Глава 13. Дальнодействие гена

Раковины улиток бывают закручены вправо или влево. Обычно раковины всех особей одного вида закручены одинаково, но имеется несколько полиморфных видов. На тихоокеанских островах раковины сухопутных улиток Partula suturalis в некоторых локальных популяциях закручены вправо, в других влево, в третьих – смешаны в различных пропорциях. Это позволяет изучить генетику право– и левозакрученности (Murray & Clarke 1986). Когда улитки от правозакрученных популяций были спарены с улитками от левозакрученных, то все потомки закручивались в ту же сторону, что и «мать» (родитель, предоставивший яйцеклетку; улитки – гермафродиты). В этом факте можно усмотреть негенетическое влияние матери: когда Марри и Кларк спарили F1 улиток между собой, то получили любопытный результат.
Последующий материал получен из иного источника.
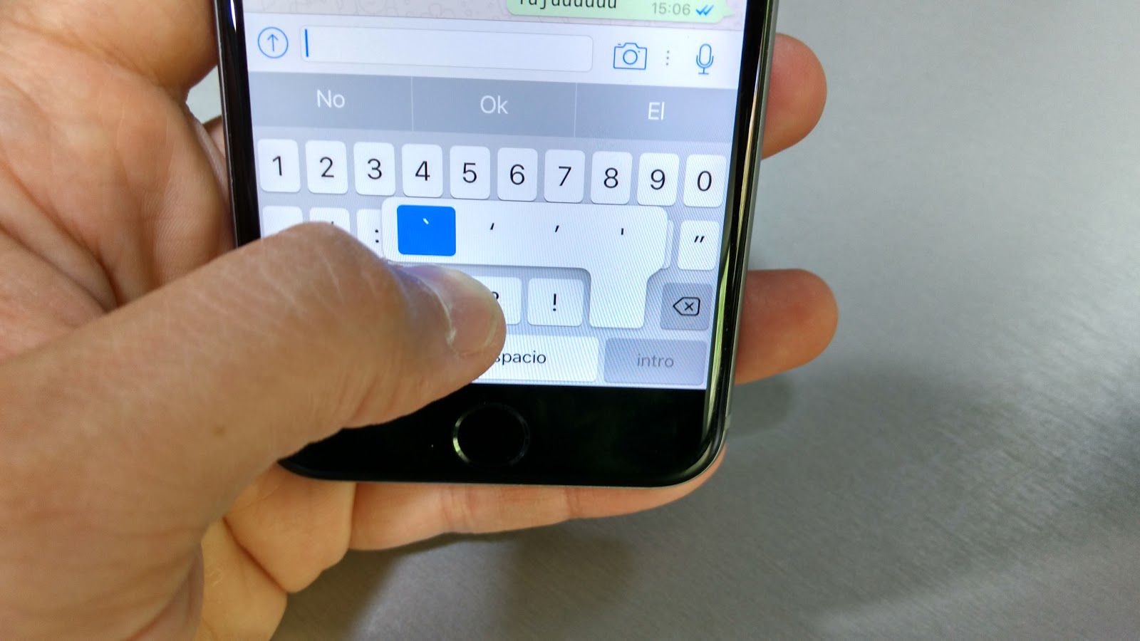 Para que te aparezcan los textos con la tipografía Fidexys en WhatsApp tienes que poner tres acentos graves delante de la palabra o frase y tres acentos graves más al finalizarla. Pero ¿cómo se ponen esos acentos graves? Te lo explicamos mejor con una imagen en iOS, en donde debes irte al apartado de códigos especiales, seleccionar el acento y cambiar entre las opciones disponibles.

Всё потомство было левозакрученное, независимо от направления закрутки раковины любого родителя. Они интерпретировали результат так: направление генетически детерминировано, с доминированием левозакрученного над правозакрученным, но фенотип животного контролируется не его собственным генотипом, а генотипом его матери. Таким образом, особи F1 продемонстрировали фенотипы, детерминированные генотипами их матерей, хотя все содержали одни и те же гетерозиготные генотипы, так как они были рождены от спаривания двух чистых линий. Точно так же всё потомство F2 от спаривания особей F1 показало фенотип, соответствующий левозакрученному генотипу F1 ибо он доминирует, а F1 генотип был гетерозиготен. Базовые генотипы поколения F2 , возможно подразделялись в классическом менделевском соотношении 3:1, но это не проявилось в их фенотипах. Это проявилось бы в фенотипах их потомства.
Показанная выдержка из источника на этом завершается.